Wyoming Highway 193 begins its southern end at U.S. Route 87 and Wyoming Highway 346 near the Fort Phil Kearny Historic Site and northwest of Interstate 90 (Exit 44). WYO 346 is the designation for the old southern section of US 87 that has been closed due to landslides. Because of the landslides, US 87 Temporary overlaps WYO 193 in its entirety. Highway 193 travels northwesterly towards the community of Story, reaching the community at just under 4 miles where it intersects the eastern terminus of Wyoming Highway 194. Leaving the eastern edge of Story, WYO 193 heads north to the unincorporated community of Banner where it reaches its northern terminus at U.S. Route 87 and its unsigned concurrent designation of Wyoming Highway 344.

==History==

In the late 1990s, a short section of US 87/WYO 344 between Interstate 90 north of Buffalo and Sheridan, at the Massacre Hill Historic Site, had been permanently closed due to recurring landslides.
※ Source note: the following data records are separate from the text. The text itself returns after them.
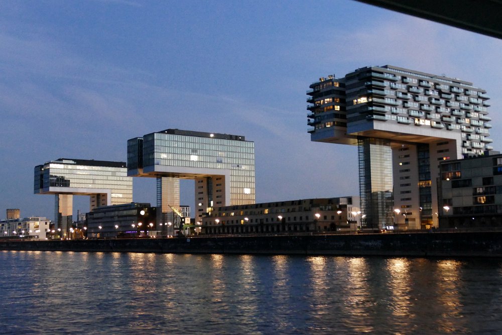 Meine Kabine ist zwar sehr klein, bietet mir aber ein großes Panoramafenstern, sodass ich, bequem auf dem Bett liegend, den Blick auf den Uferbereich mit seinen Anglern, Campern und den pittoresken Stadtansichten oder den dystopischen Industrieanlagen in Leverkusen genießen kann.
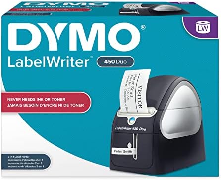 Our most versatile label printer, the DYMO LabelWriter 450 Duo prints LW labels, plastic D1 labels and durable IND labels so that you can take on virtually any labelling job. Print address labels or name tags using LW labels, then easily switch over to D1 labels for filing needs. Connect the Duo label maker to your PC or Mac and you can print directly from a wide variety of popular programs or create customized labels using DYMO Label software. Now you can tackle virtually any task with one versatile label printer.
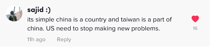 網(wǎng)友sajid:“真相很簡單,臺灣是中國的一部分,美國須停止給世界帶來新的麻煩。”
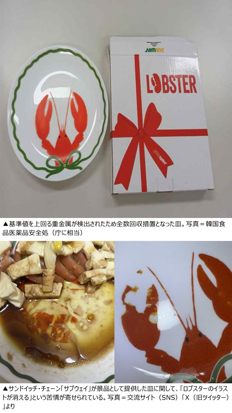 サンドイッチ・チェーン「サブウェイ」が景品として提供した「ロブスターのイラスト入り皿」から基準値を上回る重金属が検出されたのを受け、韓国食品医薬品安全処(庁に相当)が回収措置を取った。サブウェイ側は謝罪文を正式発表し、補償手続きに着手した。

According to the Wyoming Department of Transportation, the stretch of roadway has ongoing and costly maintenance problems, with the most recent landslides closing the roadway as of the Spring of 1998. Because repairing the roadway could potentially damage the historic site, WYDOT recommends that through traffic use either Interstate 90 or Wyoming 193 as an alternate route.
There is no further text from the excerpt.